Take the lines from the one containing "К фильтрующим материалам" through the end of the material and write them out exactly, omitting pictures.
========
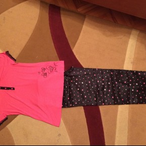 Штаны: ширина пояса - 42 см.(резинка сзади), ПОБ - 56 см., длина по боковому шву - 102 см. Футболка: ПОГ - 47 см., длина - 66 см.
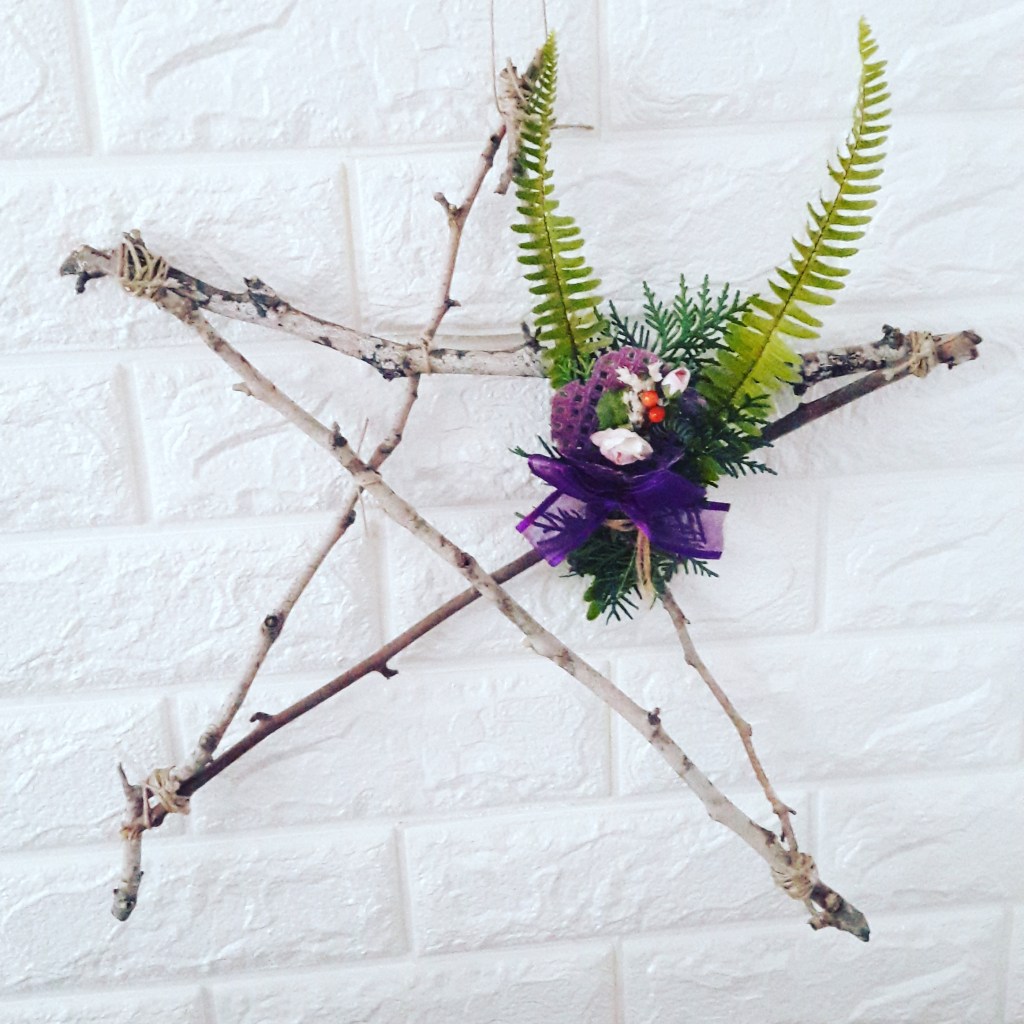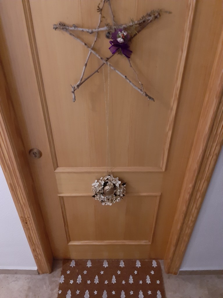 Empezamos por la entrada, en la que destaco la estrella que hice con unas ramas del campo:
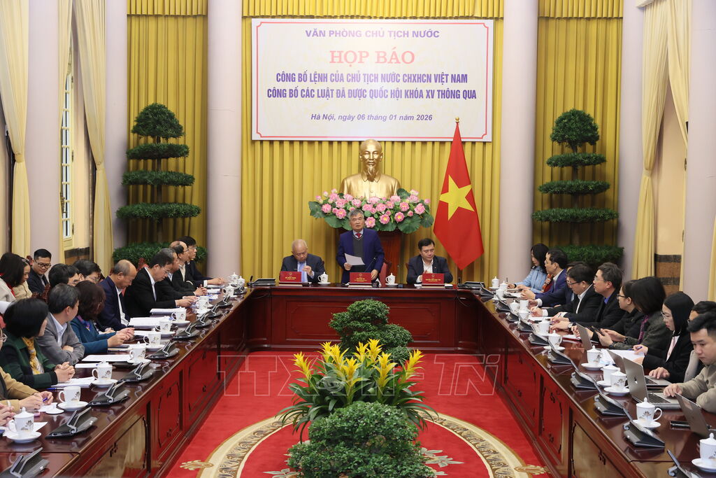 Sáng 6/1, tại Phủ Chủ tịch, Văn phòng Chủ tịch nước tổ chức họp báo công bố Lệnh của Chủ tịch nước về 12 luật đã được Kỳ họp thứ 10, Quốc hội XV thông qua, bao gồm: Luật Thuế thu nhập cá nhân; Luật Quản lý thuế; Luật sửa đổi, bổ sung một số điều của Luật Thuế giá trị gia tăng; Luật Tiết kiệm, chống lãng phí; Luật Quy hoạch; Luật Đầu tư; Luật Dự trữ quốc gia; Luật sửa đổi, bổ sung một số điều của Luật Quản lý nợ công; Luật sửa đổi, bổ sung một số điều của Luật Thống kê; Luật sửa đổi, bổ sung một số điều của Luật Giá; Luật Thương mại điện tử; Luật sửa đổi, bổ sung một số điều của Luật Kinh doanh bảo hiểm.
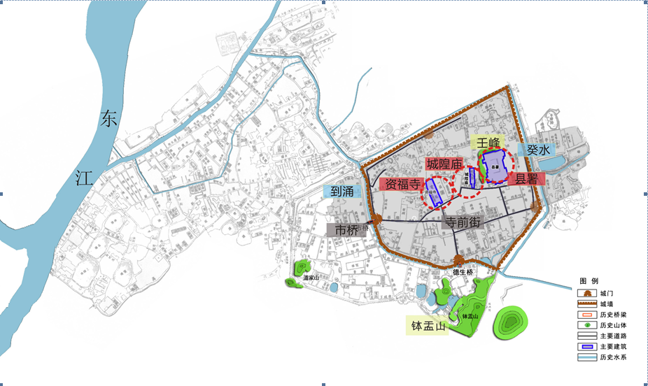 推测当时城东门在今东门路、东正路路口,西门在今市桥,南门在今人民公园德生桥位置,北门位置不详,总面积约0.45平方公里。
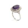 claw-set with an oval-cut amethyst in a border of round brilliant-cut diamonds, stamped 18ct
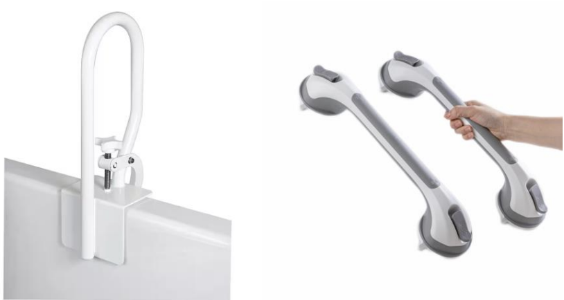 assist with entering/exiting. - There are also adjustable/removable options for grab bars such as a tub bar or suction cup grab bars that can be considered. These may be a good option for those who are unable to make permanent modifications to their showers; however, it is important to note that these non-permanent options have a greater chance of losing adherence over time and therefore reducing safety.
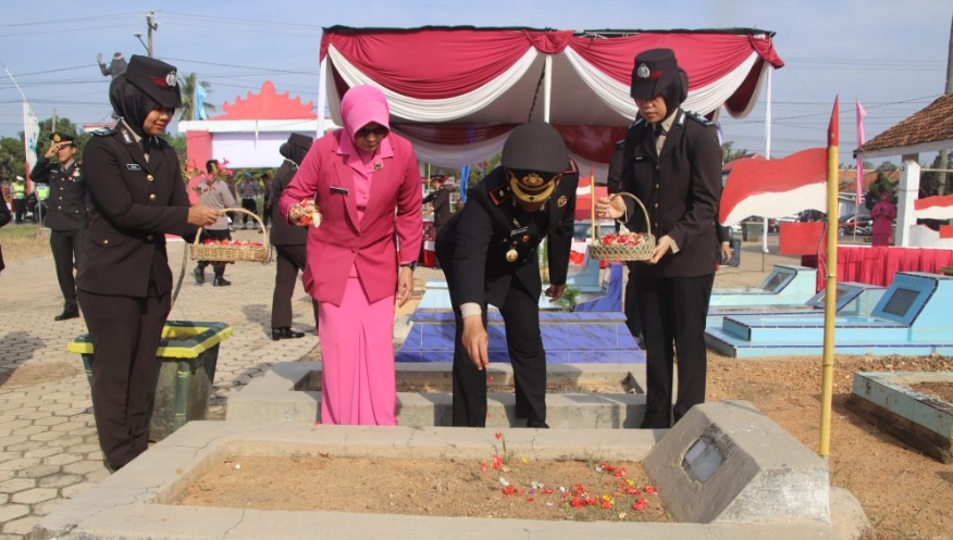 Acara tersebut dihadiri oleh Wakil Ketua Bhayangkari Cabang Pringsewu, Ny. Utje Robi Wicaksono, beserta para pengurus Bhayangkari, Pejabat Utama Polres Pringsewu, dan peserta upacara ziarah lainnya.
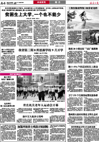 海南日报 本省新闻综合 004 2012-08-091 2012年08月09日 星期四
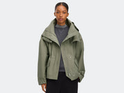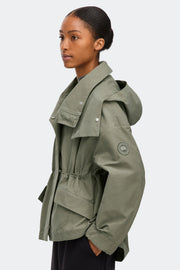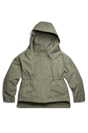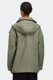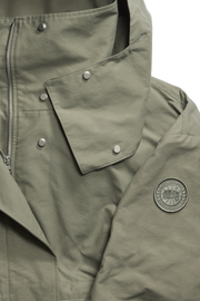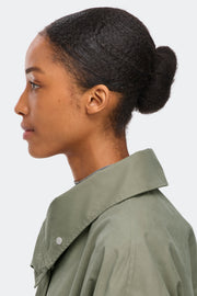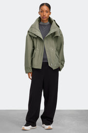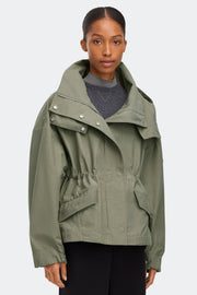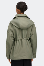 The Olivine Jacket features a dramatic high collar with a removable wrap hood, an interior drawcord to cinch the waist, and a high-low hem. This version of the Olivine is crafted from Lightweight Cotton Nylon Canvas, a durable fabric made with recycled nylon.
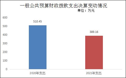 2021年一般公共预算财政拨款支出389.16万元,占本年支出合计的100%。与2020年相比,一般公共预算财政拨款支出减少121.30万元,下降23.76%。主要变动原因是项目个数减少,项目资金相应减少。
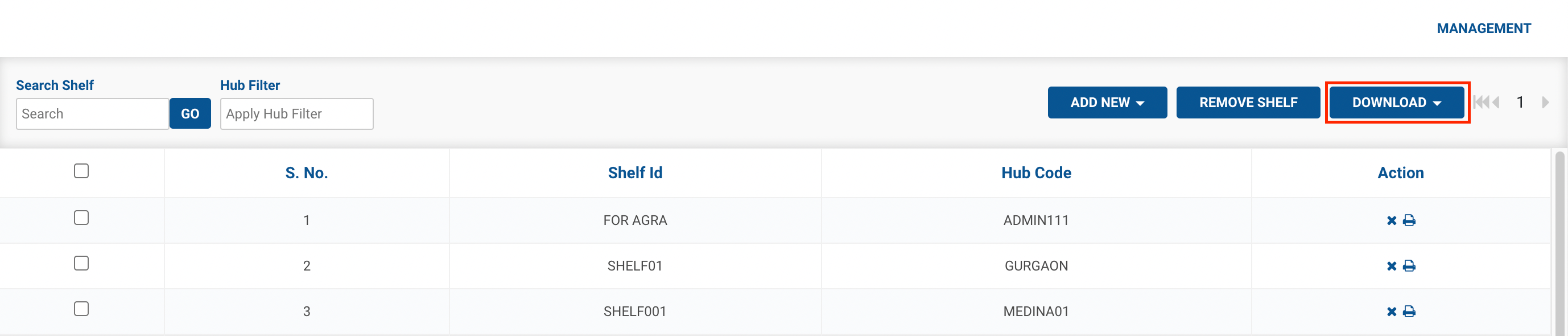 Method 2- Download All option → This method is used to download the details of all the Shelves.
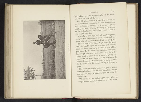 This image of a man riding a galloping horse is a photograph, likely produced in the late 19th or early 20th century. The photographic process was then becoming increasingly industrialized. Looking closely, you can see the material of the photographic print influences its appearance. The shades of grey, the texture of the paper, and the limited tonal range all give it a distinct character. The image would have been made through a labor-intensive process, involving the careful manipulation of chemicals and light. This contrasts sharply with the ease of digital photography today. The image's social significance lies in its depiction of leisure. It shows a privileged individual enjoying a recreational activity, made possible by both wealth and the labor of others who cared for the horse and maintained the facilities. As photography became more accessible, it also allowed for a wider range of people to document their lives, challenging traditional distinctions between art and everyday experience.
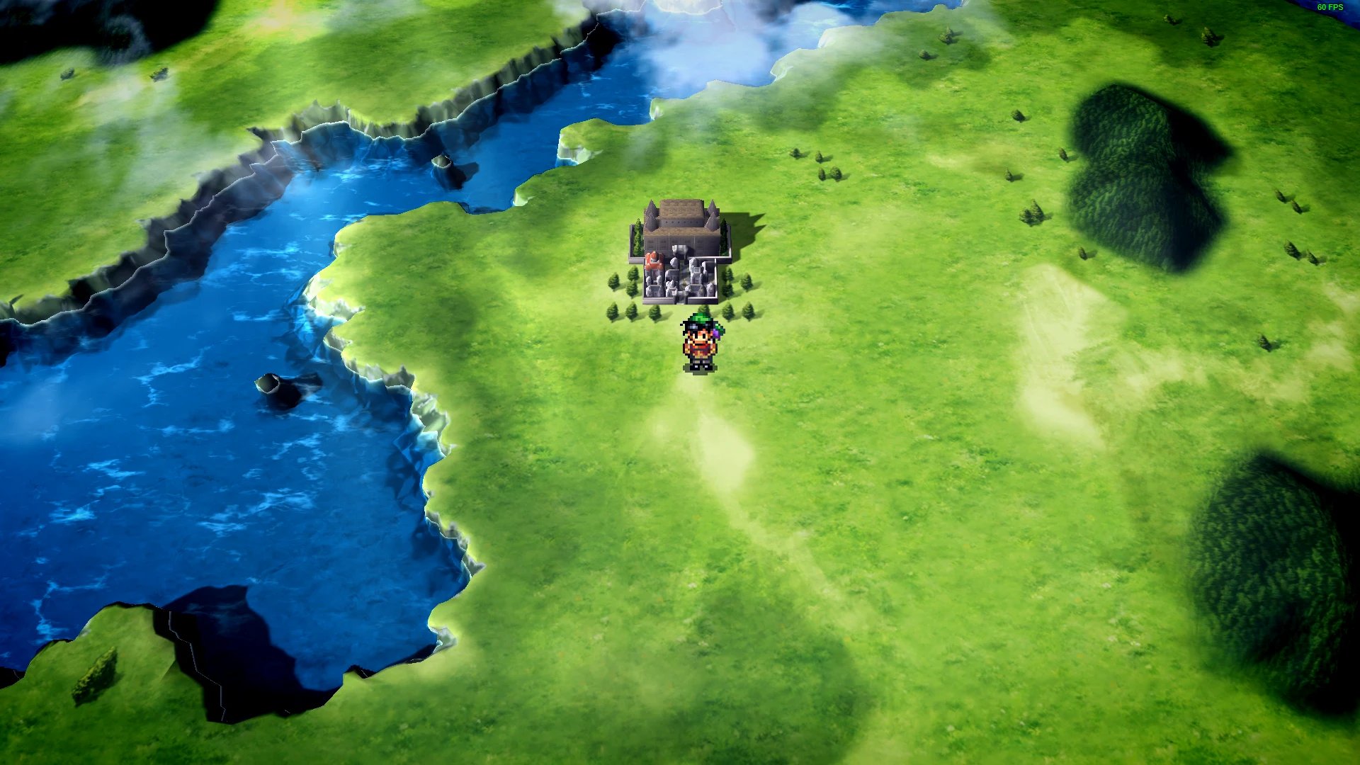 Los fondos han sido completamente redibujados para ofrecer una experiencia visual actualizada. Los escenarios ahora cuentan con texturas de mayor resolución y efectos ambientales mejorados que incluyen nubes en movimiento, llamas parpadeantes y superficies de agua reflectantes. Además, los retratos de los personajes han sido renovados por la diseñadora original, Junko Kawano, específicamente para Suikoden I.
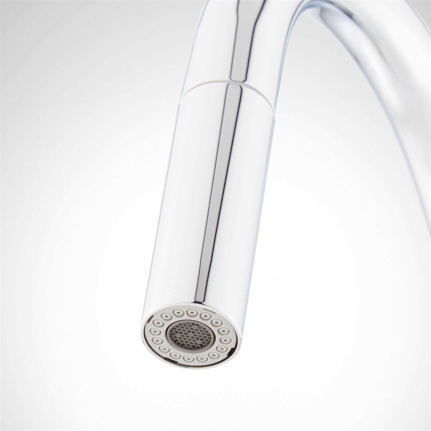 - Pullout spray head with dual spray functionality with aerated spray and stream.
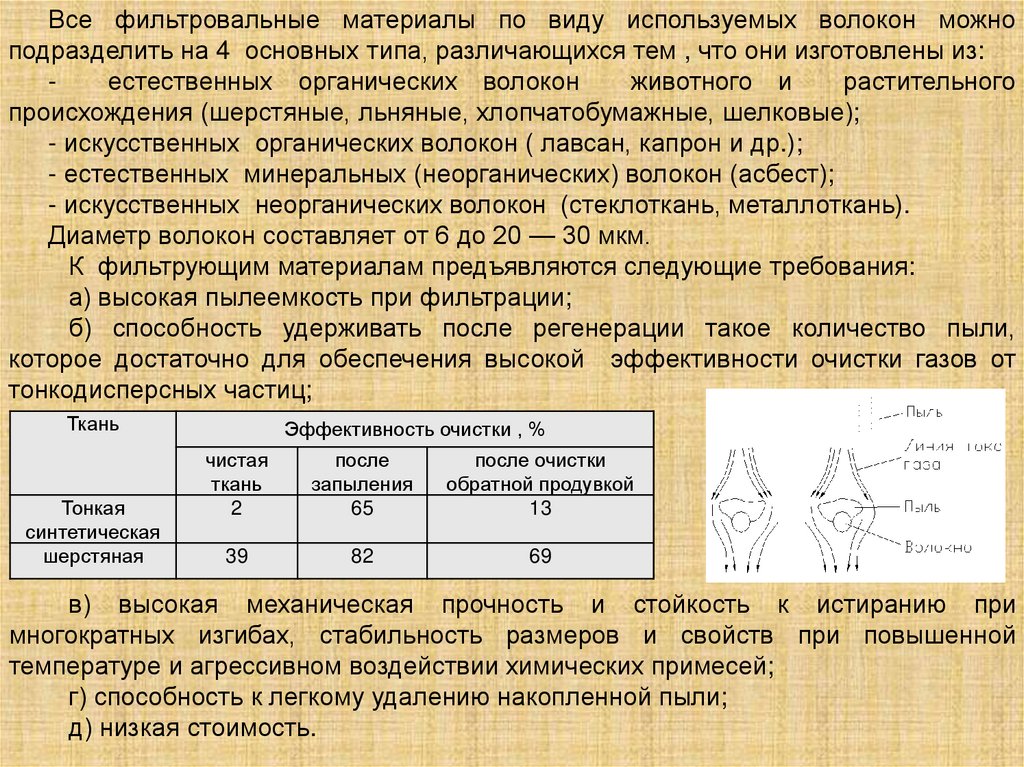 К фильтрующим материалам предъявляются следующие требования:
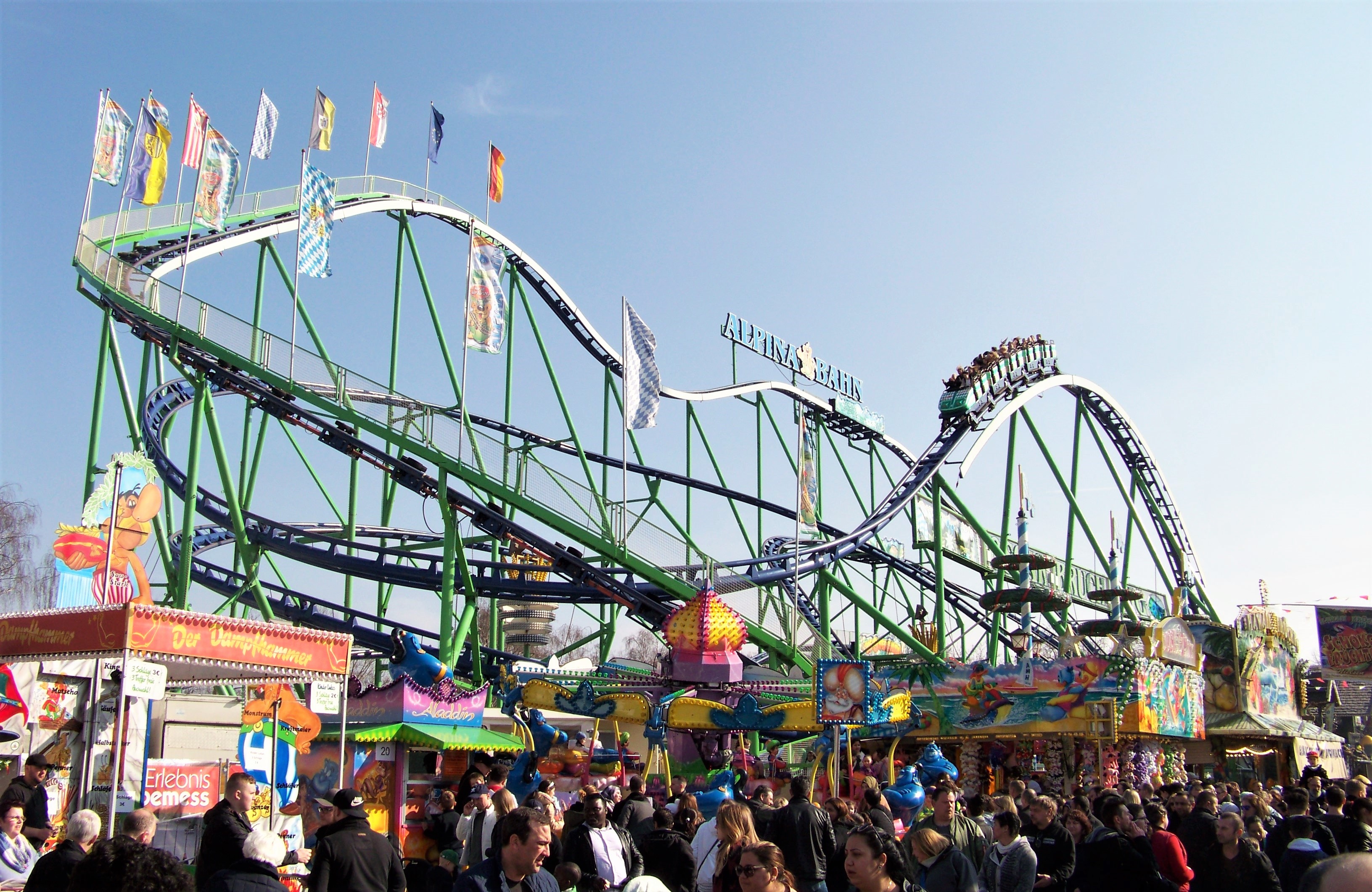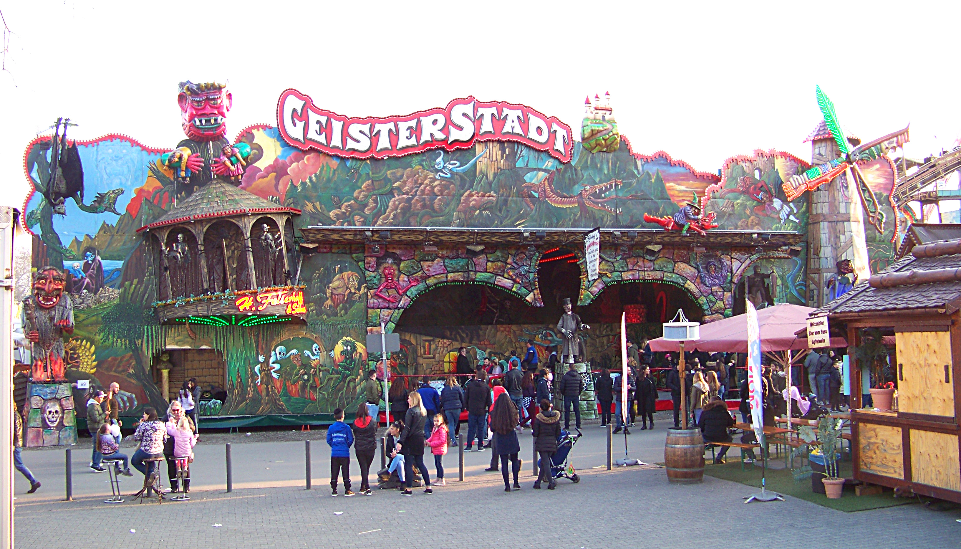 In der Reihe entlang der Eissporthalle stehen in diesem Jahr der Drop Zone-Turm von Müller und die Geisterstadt von Fellerhoff.
========
_SOLUTION TO THIS TASK:_
 К фильтрующим материалам предъявляются следующие требования:
 In der Reihe entlang der Eissporthalle stehen in diesem Jahr der Drop Zone-Turm von Müller und die Geisterstadt von Fellerhoff.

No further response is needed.